Supplied records
- Opening Delimiter -

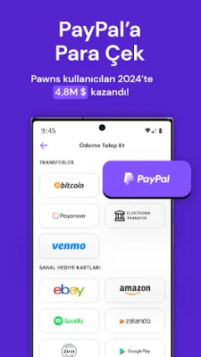Pawns.app, kullanıcılara hızlı nakit ve hediye kartı çekme imkanı sunar. Kullanıcılar, kazançlarını PayPal, Visa veya popüler dijital hediye kartları ile çekebilirler. Bu esnek ödeme seçenekleri sayesinde ödüller dilediği zaman kullanılabilir.
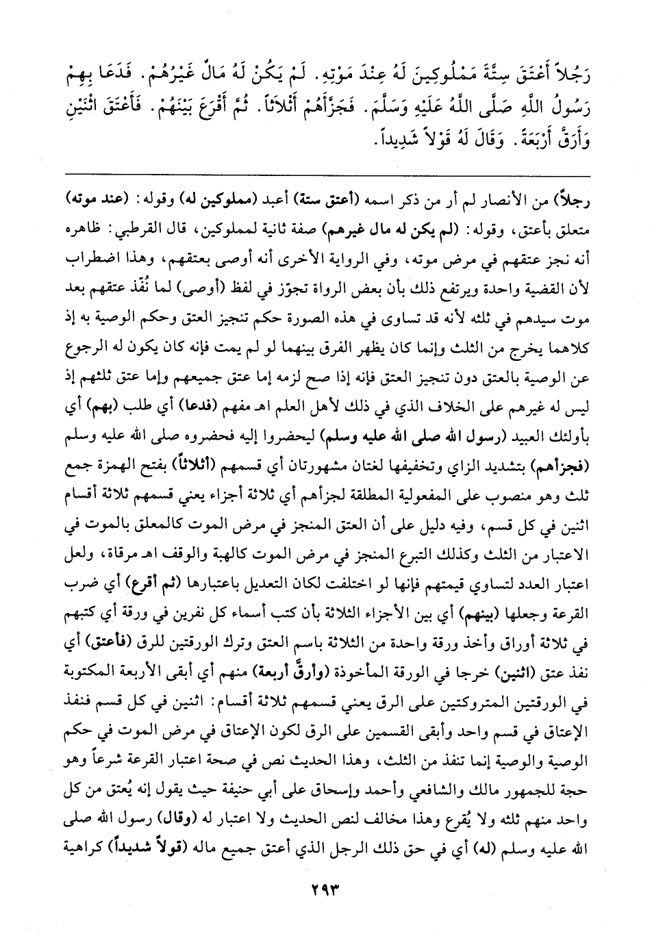 رَجُلًا أَعْتَقَ سِتَّةَ مَمْلُوكِينَ لَهُ عِنْدَ مَوْتِهِ. لَمْ يَكُنْ لَهُ مَالٌ غَيرُهُمْ. فَدَعَا بِهِمْ رَسُولُ اللهِ - صلى الله عليه وسلم -. فَجَزَّأَهُمْ أَثْلاثًا. ثُمَّ أَقْرَعَ بَينَهُمْ. فَأَعْتَقَ اثْنَينِ وَأَرَقَّ أَرْبَعَةً. وَقَال لَهُ قَوْلًا شَدِيدًا
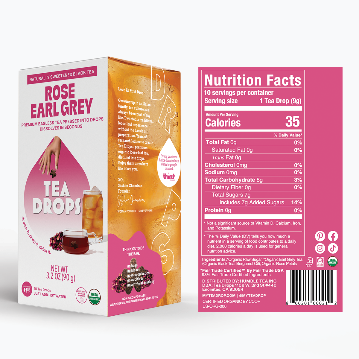 This organic tea feels like a stroll through an English country garden: fresh, fragrant, and comforting, with a touch of class. Fragrant rose petals meet aromatic bergamot to create a bold and beautiful flavor — the perfect pick-me-up for morning or night. Great for holiday gift giving: corporate gifting; client gifting, gift baskets. Tea Drops are loose leaf tea delicately ground and pressed into drops. Our bagless tea elevates your teatime with high-quality and flavorful brews.
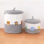 Elevate your little ones nursery and playroom organisation with our soft. sturdy. and durable cotton rope storage baskets. now featuring a convenient lid. This chic. neutral design complements any nursery decor. Handmade from premium cotton rope and adorned with felt animal cutouts. these baskets are both stylish and functional.
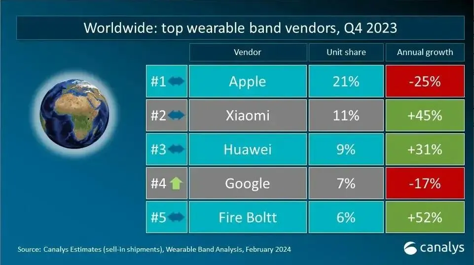 在全球市场,尽管苹果的出货量连续四个季度下降,但其市场份额仍稳居第一,达到21%。小米凭借智能手表等多品类新品,同比增长45%,市场份额跃升至11%,位列第二。华为的新品Watch GT4推动了出货量增长,同比增长31%,排名第三。谷歌和Fire Boltt分别凭借Pixel和Fitbit系列以及印度市场的价格优势,位列第四和第五。
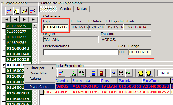 Para las expediciones directas que se crean desde las cargas, se registra su relación (en el ejemplo la expedición 011600216 procede de la carga 011600210). Las expediciones contra stock no disponen de esta relación.

- Closing Delimiter -

Exercise brief
None of the pictures should appear, though every line of the data above must be reproduced exactly.

Response to this task
Pawns.app, kullanıcılara hızlı nakit ve hediye kartı çekme imkanı sunar. Kullanıcılar, kazançlarını PayPal, Visa veya popüler dijital hediye kartları ile çekebilirler. Bu esnek ödeme seçenekleri sayesinde ödüller dilediği zaman kullanılabilir.
 رَجُلًا أَعْتَقَ سِتَّةَ مَمْلُوكِينَ لَهُ عِنْدَ مَوْتِهِ. لَمْ يَكُنْ لَهُ مَالٌ غَيرُهُمْ. فَدَعَا بِهِمْ رَسُولُ اللهِ - صلى الله عليه وسلم -. فَجَزَّأَهُمْ أَثْلاثًا. ثُمَّ أَقْرَعَ بَينَهُمْ. فَأَعْتَقَ اثْنَينِ وَأَرَقَّ أَرْبَعَةً. وَقَال لَهُ قَوْلًا شَدِيدًا
 This organic tea feels like a stroll through an English country garden: fresh, fragrant, and comforting, with a touch of class. Fragrant rose petals meet aromatic bergamot to create a bold and beautiful flavor — the perfect pick-me-up for morning or night. Great for holiday gift giving: corporate gifting; client gifting, gift baskets. Tea Drops are loose leaf tea delicately ground and pressed into drops. Our bagless tea elevates your teatime with high-quality and flavorful brews.
 Elevate your little ones nursery and playroom organisation with our soft. sturdy. and durable cotton rope storage baskets. now featuring a convenient lid. This chic. neutral design complements any nursery decor. Handmade from premium cotton rope and adorned with felt animal cutouts. these baskets are both stylish and functional.
 在全球市场,尽管苹果的出货量连续四个季度下降,但其市场份额仍稳居第一,达到21%。小米凭借智能手表等多品类新品,同比增长45%,市场份额跃升至11%,位列第二。华为的新品Watch GT4推动了出货量增长,同比增长31%,排名第三。谷歌和Fire Boltt分别凭借Pixel和Fitbit系列以及印度市场的价格优势,位列第四和第五。
 Para las expediciones directas que se crean desde las cargas, se registra su relación (en el ejemplo la expedición 011600216 procede de la carga 011600210). Las expediciones contra stock no disponen de esta relación.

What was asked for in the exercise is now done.